Have you ever thought that your health is a purely personal matter? Medicine, of course, deals with us, but only with our diseases, and not with health at all. The pharmaceutical industry will perish and go bankrupt without our illnesses. The state, the institution where we work, of course, needs healthy workers, but only to increase profits. Nobody will close the distilleries and tobacco factories, although everyone knows what damage their products cause to their health. So it turns out that everyone should take care of their own health. But how?
Traditional medicinal medicine is the lot of specialists, and narrow specialists: if the therapist has kidney problems, he will not be able to treat himself, but will go to the urologist; if the urologist has a toothache, he will go to the dentist, not at all thinking that this pain may have its reasons. What can you expect from such a specialist in matters of our health?
In response to the failure of the drug treatment, accompanied by human casualties, a new course arose, which was named after one of the daughters of the ancient Greek god of healing Asclepius - natural hygiene. What does she offer us?
First of all, it’s not a narrow specialization, not drugs and poisons, but the study of the laws of a comprehensive nature, the comprehensive healing of the whole organism as a whole by natural methods (light, air, water, food, movement) to increase the efficiency of healing forces inherent in the human body by nature .
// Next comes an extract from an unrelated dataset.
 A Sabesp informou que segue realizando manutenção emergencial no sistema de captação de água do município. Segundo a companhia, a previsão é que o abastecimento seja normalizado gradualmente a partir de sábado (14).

It may seem that natural hygiene is akin to traditional medicine. This is not true. Natural hygiene differs from traditional medicine by at least three features: firstly, it is systematic and comprehensive; secondly, its techniques and methods are scientifically substantiated, and thirdly, it is educational in nature. If the goal of traditional and traditional medicine is to heal, then the goal of natural hygiene is to educate a person in the Laws of Health, equip him with specific knowledge, skills for the skillful use of objectively acting Laws of Life.
Laws of Life are objective biological laws (from the word “bio” - referring to life) that govern the functions of cells, tissues, organs and systems, health, capabilities and reserves of the human body in everyday life.
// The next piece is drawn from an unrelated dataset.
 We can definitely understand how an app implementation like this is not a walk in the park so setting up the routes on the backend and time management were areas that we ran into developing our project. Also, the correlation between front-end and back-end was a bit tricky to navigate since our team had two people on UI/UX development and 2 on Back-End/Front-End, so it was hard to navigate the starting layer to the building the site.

The motto of natural hygiene is: “By the age of forty, a person is either a doctor himself or a fool.”
The authors of the book “The Greatest Discoveries of Health”, published in 1978 in Chicago, very vividly describe the environment in which the formation of natural hygiene took place (the term was established in 1856): “From contradictions, confusion, and chaotic heterogeneous mixing of illusory views, referred to as“ medical science ”And“ medical art ”, from the conflicts of various schools of treatment, from the apparent failure to fulfill their promises, from the refusal of doctors to take into account the natural needs of life when caring for patients, an urgent need feasibility in the revolutionary restructuring of biological thought and the revival of the biological view of human needs. "
In 1832, Sylvester Graham, then unknown to anyone else in New York, delivered a series of lectures on proper nutrition. At the beginning of the 19th century, during the cholera epidemic in Philadelphia, S. Graham drew attention to the fact that not a single member of the Biblical Christians sect became ill. The members of this sect refrained from all animal food, considering its use a violation of the commandments of God. They also did not use any stimulants - tea, coffee, tobacco, alcohol, spices. This led Graham to the thought of the healing properties of natural food. He began to promote healthy eating. And not one of his followers got sick with cholera either! Graham’s conclusion was simple: “... a person himself, as a rule, is the cause of his own illnesses and sufferings ... and almost always he is guilty of being sick, and must ask for forgiveness from the society, as well as that he is drinking” ( from the epigraph to G. Shelton's book "Natural Hygiene. The Righteous Way of Man's Life").
In 1861, one of the founders of natural hygiene, R. Troll, formulated the credo of natural hygiene:
“... the system of medicinal medicine is false, incorrect from a philosophical point of view, absurd from scientific, hostile to nature, contrary to common sense, catastrophic in results, it is a curse for the human race ... The system of hygienic medicine that we affirm and practice is in harmony with nature, it complies with the laws of a living organism, scientifically correct, positive in results, it is the boon of the human race. ”
For one hundred and fifty years, the movement for natural hygiene has grown and established. It swept not only the United States, but also Australia, New Zealand, spread to a number of civilized Western European countries and Japan. It has dozens of names of prominent figures of the 19th century, such as S. Graham, I. Jennings, R. Troll, T. Nicole, J. Jackson, X. Austin, C. Page, R. Walter, S. Dodds, F. Oswald , J. Tilden and others, and in the XX century - B. McFadden, J.